When Andrew Klinger decided to take a job as corporate counsel for a state agency, he was essentially playing the odds like someone buying a lottery ticket.

That was less than a year after being admitted to practice of law in Indiana, and it led to his eventually taking an in-house counsel position at the Hoosier Lottery, where he is now the top attorney.

“For someone who always thought I’d be a real estate attorney, how I got into gaming is still kind of a mystery to me,” said the 40-year old lawyer who’s been general counsel for the Hoosier Lottery since 2008, after four years working as a deputy general counsel at the Indiana Gaming Commission. “Some things are just lucky draws.”

Although Klinger had been interested for some time in pursing a legal career, he began working in economic development immediately after earning his undergraduate degree. The Fort Wayne native worked for several years in his hometown before moving to the Indiana Economic Development Commission and eventually deciding he was ready to start law school in 2001.
 

klinger Indianapolis attorney Andrew Klinger has served as general counsel for the Hoosier Lottery since 2008. (IL Photo/ Perry Reichanadter)

“I was always interested in pre-law, but sat back and thought I didn’t want to go straight in and didn’t know what I’d go into with a law degree. So, I went into real estate and economic development work and got a practical sense of what I’d do as an attorney with a degree,” Klinger said.

He graduated from Indiana University School of Law – Indianapolis in 2004, and worked briefly as a contract attorney with an employment law attorney in Carmel. But before he agreed to start as an associate there, a new opportunity came his way.

“In the spring 2005, the Gaming Commission called out of the blue. I just kind of fell into this,” he said. “I took the chance.”

After a few years there as a deputy general counsel, Klinger said he was ready for the next step and found that at the Hoosier Lottery. There, he became the general counsel. This position is different in that he had several staff attorneys to work with at the Gaming Commission, while he’s the only attorney at the Lottery. That prior position was more regulatory, dealing with private casinos and their licenses, while this is a semi-government agency tasked with maximizing revenues through sales of lottery tickets.

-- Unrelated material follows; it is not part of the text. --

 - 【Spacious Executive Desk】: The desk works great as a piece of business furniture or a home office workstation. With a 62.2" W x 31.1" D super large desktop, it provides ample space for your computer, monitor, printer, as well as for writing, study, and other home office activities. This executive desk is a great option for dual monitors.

Most of his daily duties include contract review and dealing with vendors and licensing issues, all through the lens of a government agency that must respect open meetings and access laws.

A self-sufficient quasi-public agency that isn’t connected to the state budget, the Hoosier Lottery raises its own revenue and pays its expenses from that. Klinger said about $791 million came in last year, with major expenses paid out for prizes and commissions to retailers and a small percentage on administrative costs. The rest goes back to the state – most recently the Hoosier Lottery put about $190 million into the budget to pay for teacher and public safety pensions and reduce state excise tax. Klinger said the Hoosier Lottery is working on spreading the word about the fiscal value it brings to the state, motivating people to buy tickets.

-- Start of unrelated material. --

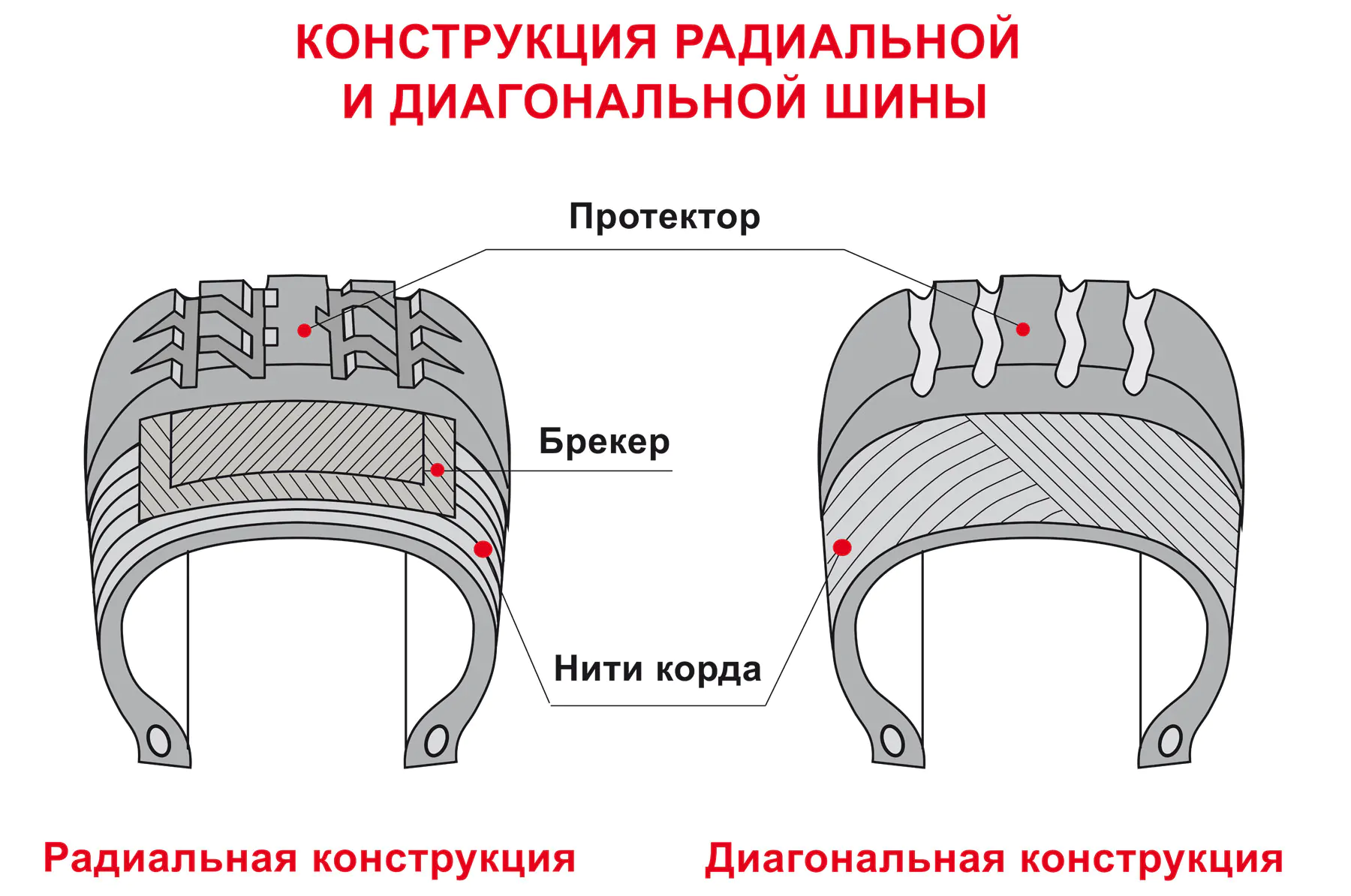 - буква R означает, что в данной покрышке (довольно часто ее путают с обозначением радиуса), также бывает и диагональный тип корда – D, но он встречается довольно редко;

Litigation is a minimal part of his job, though he does oversee that as general counsel. Most of the legal claims go through the administrative procedures first and typically end up before an administrative law judge, and Klinger said he handles those cases personally.

“In large part, I shield the marketing and sales folk from the political aspect so they can focus on the sales tasks,” he said.

When Klinger started the job, he said the Hoosier Lottery had a large litigation docket that he spent most of his time focusing on. Now, only one lawsuit remains outstanding for the agency – a class-action lawsuit in Marion Superior Court involving two plaintiffs who sued the state lottery for thousands of dollars after they lost playing the Cash Blast game in 2005 and 2006 and claimed the lottery misstated the number and amount of prizes available. The men claimed they were misled by advertising that made the odds of winning seem greater than they were, and last year the Indiana Court of Appeals determined that suit can move forward at trial.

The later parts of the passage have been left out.